Wisest use of our time, yes, we try to do that.
Did you say daddy issues?!?
Be afraid, non-Thompson nominees. Be very afraid.
I’m not afraid to say what we’re all thinking: if the Academy has basically gone sentimental with some patina of history/redemption (slumdog, the artist, Argo) then this film has a great chance…of killing the souls of everyone on this site.
At the very least, I smell a down-to-the-wire fear that reminds me of the one for Little Miss Sunshine 7 years ago
Not only Streep. None of the characters portrayed by Cate Blanchett,
Meryl Streep, Julia Roberts, and Julie Delpy are sweetie-pie cuddle-bunnies.
And Sandra Bullock murdered George Clooney in outer space.
Thanks to twitter pal Dillon Rosenblatt who reminds us that Vicki Baum wrote the screenplay for 1932 Best Picture winner Grand Hotel. Fact-check now added to the post.
Surely any of this film’s Best Picture aspirations will be sunk by the inevitable “Walt Disney was a Nazi sympathizer” backlash, right?
Middle-brow contenders like Saving Mr. Banks don’t usually have to face strong backlash. It’s films which unite critics and arthouse audiences (and often wide audiences) in broad praise alike which do. Brokeback Mountain, The Dark Knight, Zero Dark Thirty – it’s easy for the minority to topple films like those because they have the countenance of potential awards behemoths. Saving Mr. Banks will always look like a bit of an underdog to the general public, particularly if the critical reception turns out to be less than superb.
I don’t think that BANKS will be too much of a hit at the B O , but more importantly , it will be popular among those 60 yearish academy voters , many of them old enough to remember Walt , a movie making icon ; after all , they do tend to like movies about making movies a la The Artist and Argo
Hanks is a very serious contender for BSA…the so called ”most trustworthy man in America ” playing one of the most iconic Founding Fathers of Hollywood , Walt Disney ; if Fassbender is beatable than Hanks , on his way to a third Oscar , is surely the one to do it !
Fassbender , with the momentum of a winning movie behind him , is still probably the safest bet
Even if it doesn’t win any major prize, I predict massive box office numbers for it.
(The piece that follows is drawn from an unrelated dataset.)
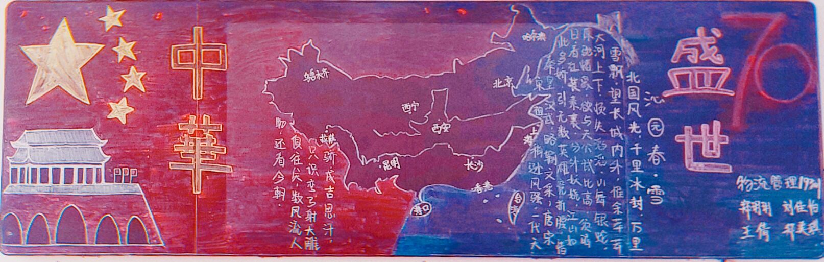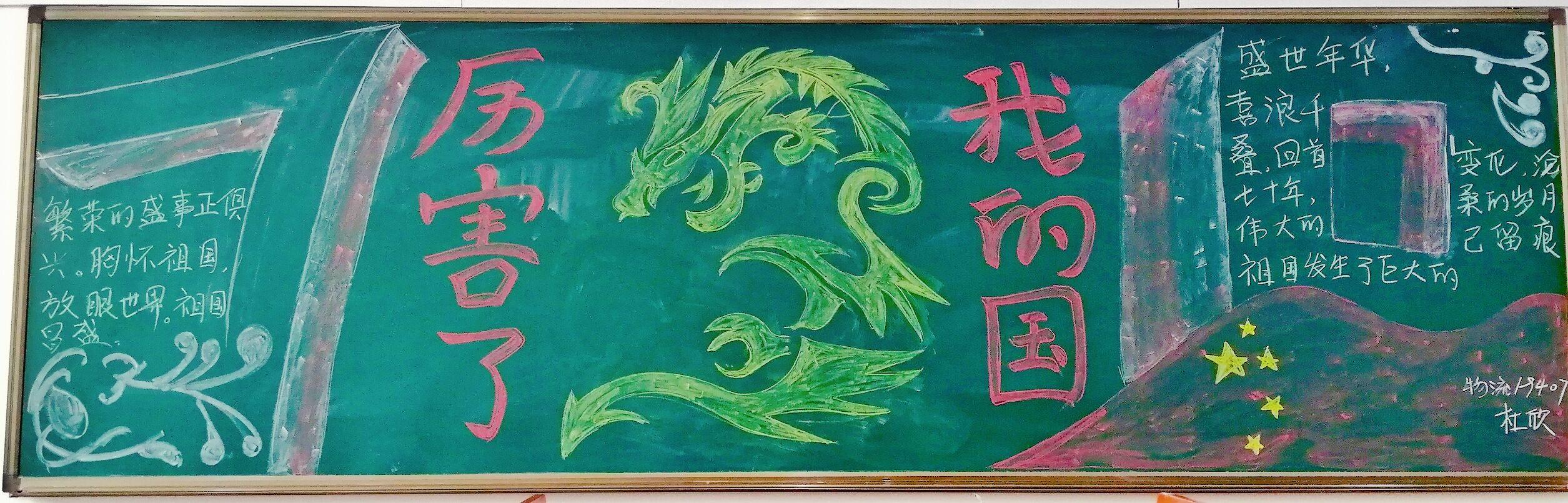 本次活动在各班宣传委员的策划下,班级每位同学都积极参与其中,各班提交的黑板报作品都紧扣主题,结合当代大学生的创新意识,用一幅幅靓丽的黑板报作品展示了祖国的大好河山。从整体来看,各班的黑板报创意新颖、图文并茂、色彩搭配自然和谐,极具感染力。板报内容充实,充满吸引力,展现了当代大学生积极向上的精神面貌和校园文化生活,增强了当代青年大学生的民族自豪感,表达了当代大学生对祖国的热爱之情。

Who doesn’t want to watch a movie about Walt Disney, and the creation of Mary Poppins with Tom Hanks and Emma Thompson. It was a hit even on paper.
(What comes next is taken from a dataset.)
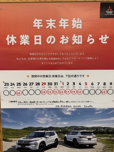 Staff Blog スタッフブログ 202412/26 ★年末年始休業のお知らせ★ こんにちは! 岸和田東店 西野です! 今年も残すところ1週間切りました。。 2024年も長いようで短… 202412/23 展示車入れ替えました! おはようございます! 岸和田東店西野です! 展示車入れ替えしました! 今回は、デリカミニ Gプレミア… 202412/20 ご当地デリ丸登場しました! こんにちは! 岸和田東店西野です! 只今、当店でご当地デリ丸販売中です! 第一弾は「北海道・関東東北… 202412/08 トライトン「デザイン・カー・オブ・ザ・イヤー」受賞しました!! こんにちは! 岸和田東店 西野です! 今回は、デリカミニに続いてトライトンも 「デザイン・カー・オブ… 202412/07 アウトランダーPHEVの外装品の取付をしました! こんにちは! 岸和田東店 西野です! 試乗車のアウトランダーPHEVの外装品の取付をしました! 見た… 202411/30 ★白デリ丸&黒デリ丸登場★ こんにちは! 岸和田東店西野です! 3月31日までにデリカミニ(全グレード全色対象)を指定のディーラ… 202411/26 新型アウトランダーPHEV今がお得です! こんにちは! 岸和田東店西野です! 早速ですが、新型アウトランダーPHEVに限り残価設定型のマイカー… 202411/16 ★新型アウトランダーPHEVをご紹介★ こんにちは! 岸和田東店 西野です! 早速ですが、今回は新型アウトランダーPHEVの便利な機能をちょ… 202411/09 展示車入ってきました! こんにちは! 岸和田東店 西野です! 早速ですが、デリカD:5ブラックエディションと新型アウトランダ… 202411/07 外壁塗装工事完了致しました! こんにちは!岸和田東店 西野です! 今日は朝からずっと肌寒い1日でしたね。。 これから年末年始これよ… 202411/05 デリカミニ&新型アウトランダーPHEV人気ランキング! こんにちは! 岸和田東店 西野です! 最近は朝晩の冷え込みが厳しくなってきて、急に冬がやってきた感じ… 202411/01 アウトランダーPHEV好評です! こんにちは! 岸和田東店 西野です! 只今、新型アウトランダーPHEVを残価設定のクレジットでご契約… 202410/28 新型アウトランダーPHEV入庫しました!! こんにちは! 岸和田東店 西野です! 新型アウトランダーPHEVが遂に当店にきました! ボディ色は、… 202410/22 外壁塗装工事中です💦 こんにちは! 岸和田東店 西野です! 只今、当店では外壁塗装工事中となっております 明日は定休日の為… 202410/19 ★カスタムコンプリートカー襲来!!!★ 皆さんこんにちは! 泉南三菱 営業の柴田です! 泉南三菱では本日、カスタム相談会を開催しております… 202410/17 ★白デリ丸・黒デリ丸プレゼント★ こんにちは! 岸和田東店 西野です! 只今、キャンペーンでデリカミニご成約して頂いた方で エンブレム… 202410/14 エクリプスクロスPHEVラリーアート仕様にしました! おはようございます! 岸和田東店 西野です! 今回は、試乗車のエクリプスクロスPHEVをラリーアート… 202410/12 中古車が入庫しました!!!! こんにちは! 岸和田東店 西野です! 今回新しく5台の中古車が入庫しました(*'▽') ご成約特典で… Show More

So is it a force to be reckoned with because it’s going to be nominated for things which basically a ton of people have already predicted only now it’s more of a certainty or is it a force because it can win picture, director, actress, supporting actor, etc?
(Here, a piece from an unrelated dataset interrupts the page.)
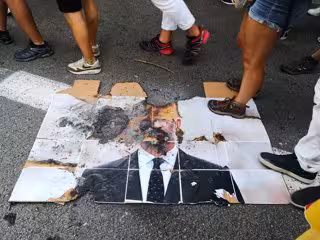 Varios encapuchados han quemado una foto del Rey Felipe VI, otra del presidente de Francia, Emmanuel Macron, y una bandera europea durante la manifestación de la Izquierda Independentista por la Diada.

Very glad to hear this! Excited about this one.
Hanks-Leto-Fassbender could be an interesting supporting race. I sure would love it if Hanks won another Oscar. I keep thinking about his final moments of “Captain Phillips”.
Brian, are you sure you’re not Jeffrey Wells? That’s exactly what he said! However, Sasha’s proclamations have to be taken very seriously. She doesn’t make statements like this lightly.
I loved “Mary Poppins”. I used to play hookie from school to go hide out in the Radio City Music Hall where it would play with the Rockettes doing a MORNING performance! They don’t do that anymore, needles to say. How many times did I see it like that? I can’t remember.
Nobody ever found out.
All fired up with Sasha’s rave. I now can’t wait to see it. Jeff Wells couldn’t abide Emma Thompson in this. But yes, I don’t think Mary Louise Streep is as locked as people think she could be. Remember how everyone in “The Hours” got nominated, except her? And that was a better, subtle-er performance. And Dame Judi is no a shoe-in either, IMHO. But you can’t accuse her of being OTT like Mary Lou.
Emma Thompson has shifted the Oscar Best Actress race because she’s playing a more likable/admirable character.
Veiled shot at Streep? 🙂
I can’t wait to see this film!
Surely any of this film’s Best Picture aspirations will be sunk by the inevitable “Walt Disney was a Nazi sympathizer” backlash, right?
What a great year for movies this is turning out to be!
sorry to disagree, but I found it sappy, clunky, tired and old-fashioned.
and Emma Thompson’s shrill, grating, one-note performance drove me up a wall.
So can we count it as one of the top 5? Is John Lee Hancock in for Best Director? Best Editing nomination as well?